About the project

About the project

The Travelogues Dalmatia project develops the approach and findings of the HRZZ project Dalmatia as a Destination of the European Grand Tour in the 18th and the 19th Centuries; the first in Croatia to analyse textual and visual travelogues on an equal footing. Travelogues Dalmatia will focus on an important shift in the role of travelogues – from describing spaces, to interpreting the artistic heritage of Dalmatia – during a period which saw the popularisation and internationalisation of the travel genre. Our work builds on the contention that the images of Dalmatian artistic heritage formed in the European imagination from the seventeenth to the twentieth centuries cannot be understood without considering the comparative constructions of the region in a wide range of travel narratives. Travelogues played a significant role in the formation of Dalmatia’s European identity and artistic heritage, thanks to the region’s geopolitical position on the border between East and West. The resulting contact between the Christian and Islamic worlds was recorded in Dalmatian art, and became a subject of great interest to travelers to the region.

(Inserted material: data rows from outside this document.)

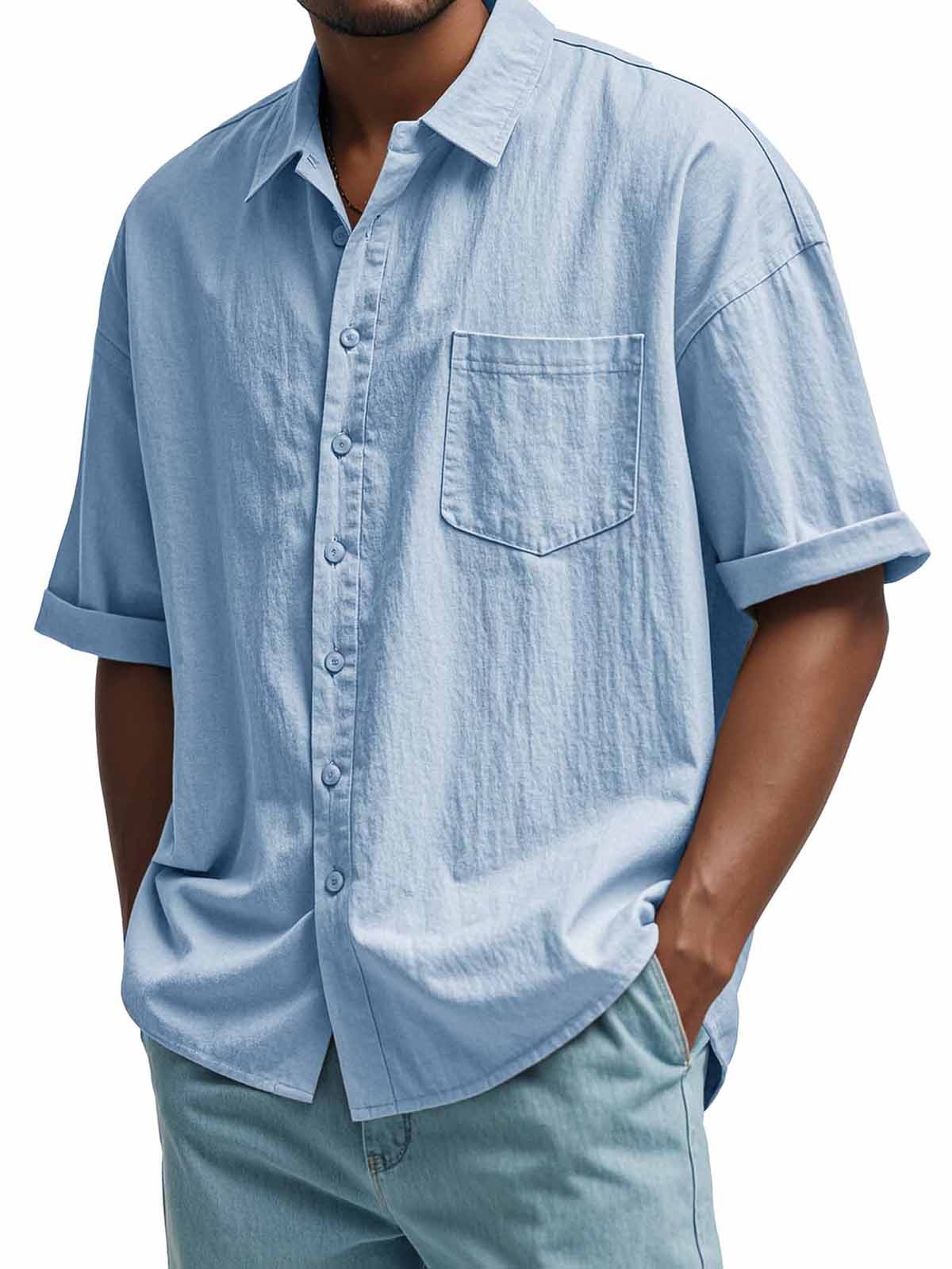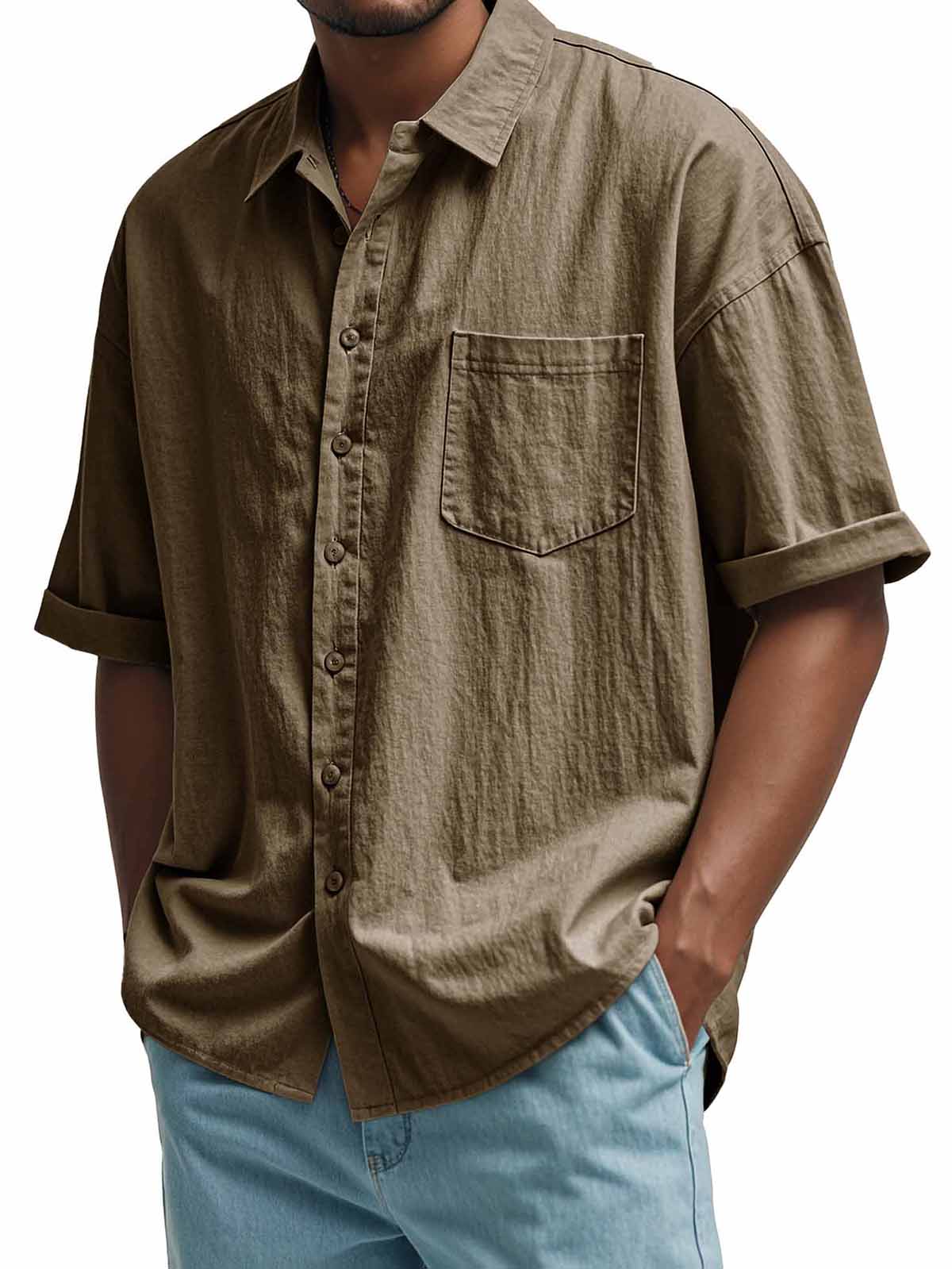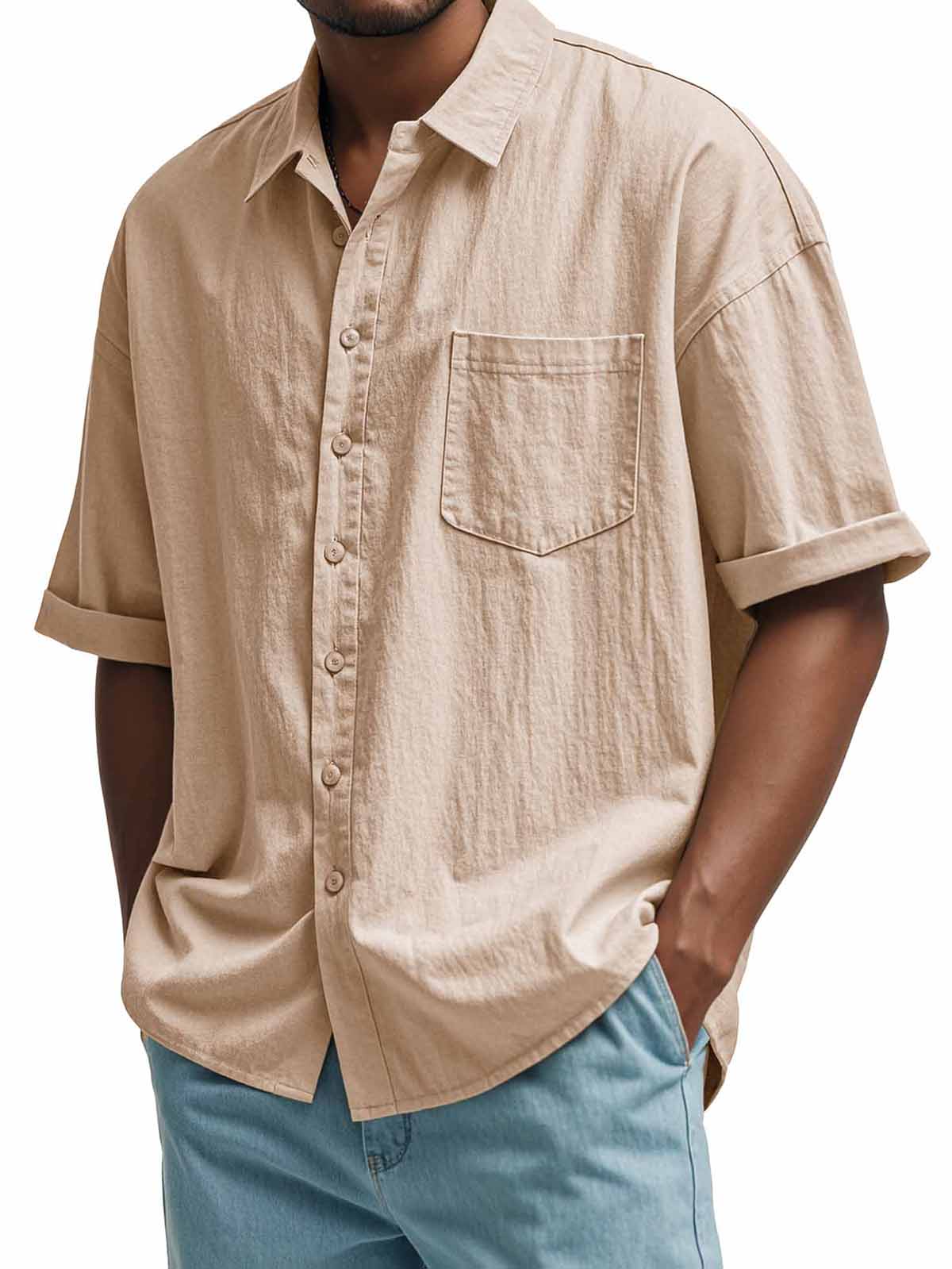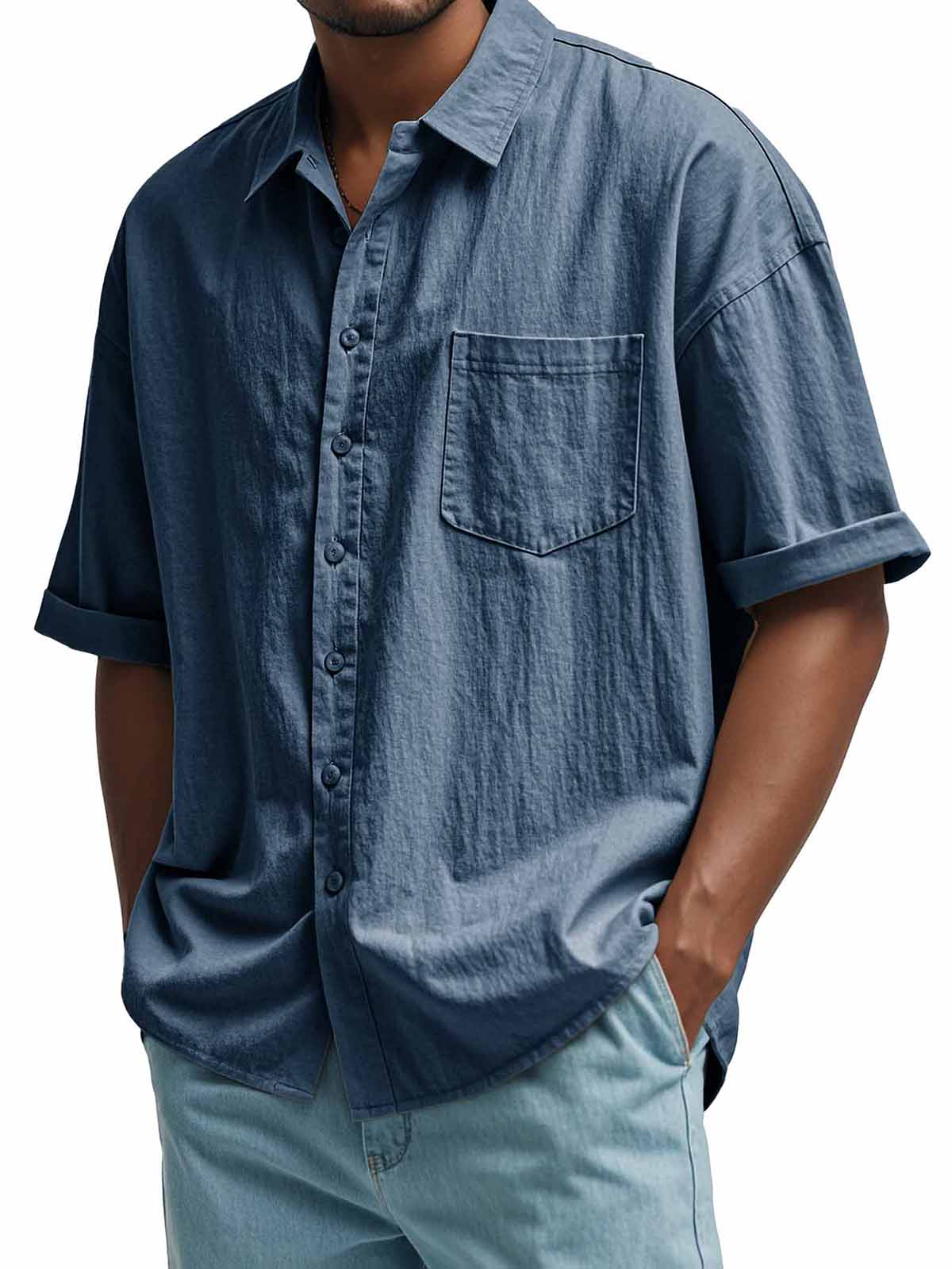 Men's Fashion Casual Pleated Fabric Short Sleeve Shirt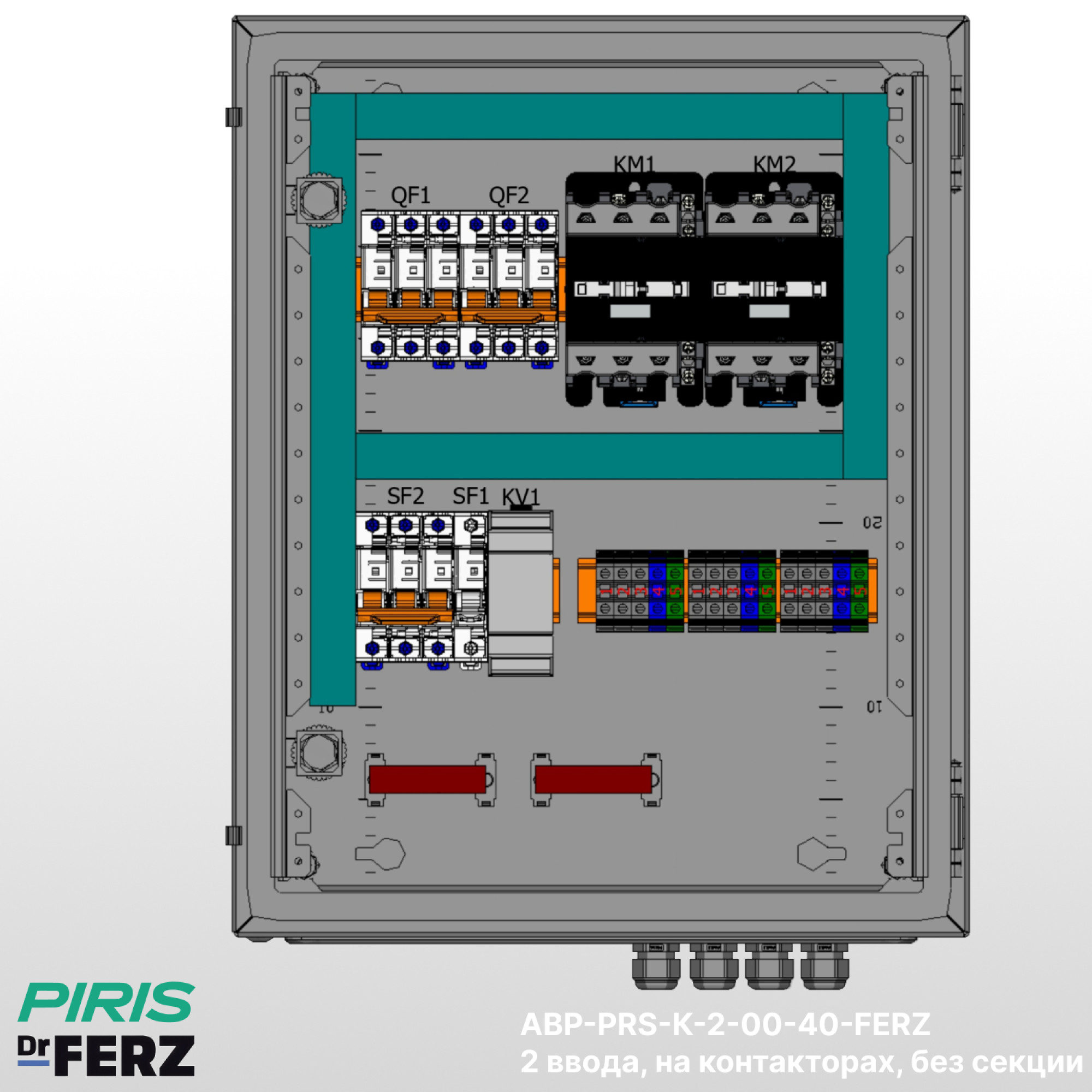 Шкаф АВР-PRS-К-2-1-40-FERZ выполнен на автоматических выключателях FERZ и контакторах FERZ с номинальным током 40А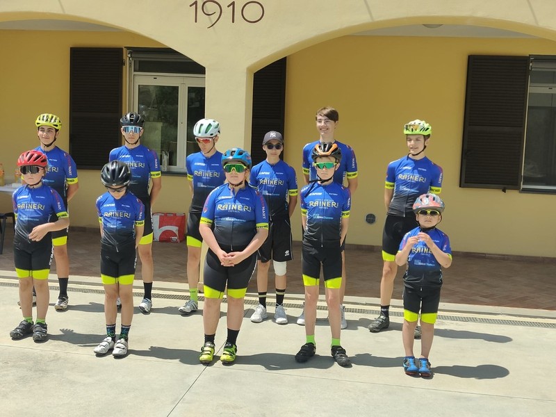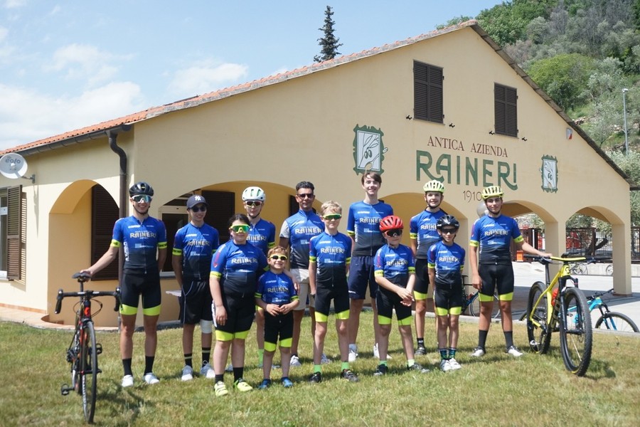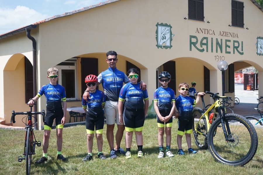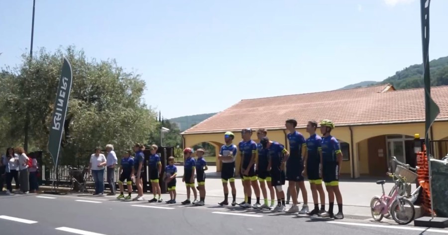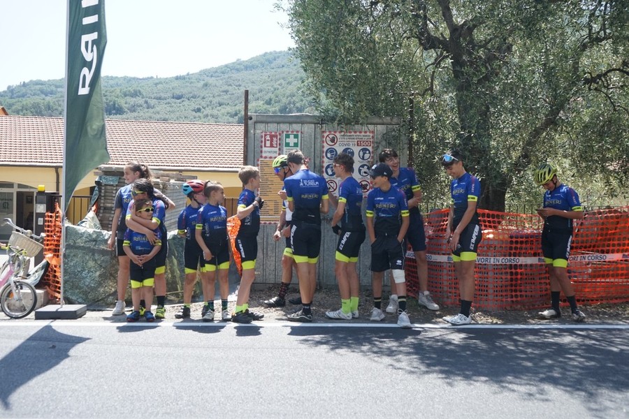 La famiglia Rinaldi, main sponsor del team ciclistico ciclistico giovanile, ha aperto le porte le porte del proprio piazzale a una rappresentanza di giovani ciclisti che hanno così potuto vedere da vicino il passaggio dei loro idoli prima che affrontassero i tornanti del Colle di Nava.

Scholarly research is paying increased attention to travelogues as important documents of the cultural identity of a region. Contemporary historiography, meanwhile, is also critically re-examining heterostereotypes and autostereotypes of the artistic heritage of Central Eastern Europe. This project therefore has theoretical and historiographical relevance for European art history and other humanities, as well as for contemporary Croatian cultural identities. This relevance is grounded in the project’s consideration of the contribution that travelogues have made to the positioning of Dalmatian artistic heritage in a European context, as well as in the assumption that a critical revision of this position is required. Our next hypothesis is that the travelogue as a form is an autonomous multidisciplinary and multimedia practice, but has yet to be fully elaborated in Croatian scholarship in line with current international research. This project thus seeks to expand the category of the travelogue to incorporate various media, and will include the first systematic study of women’s travelogues from this period. Overall, the project will enlist interdisciplinary research in the humanities to offer travel-related resources a new scholarly significance in a broader cultural and heritage context.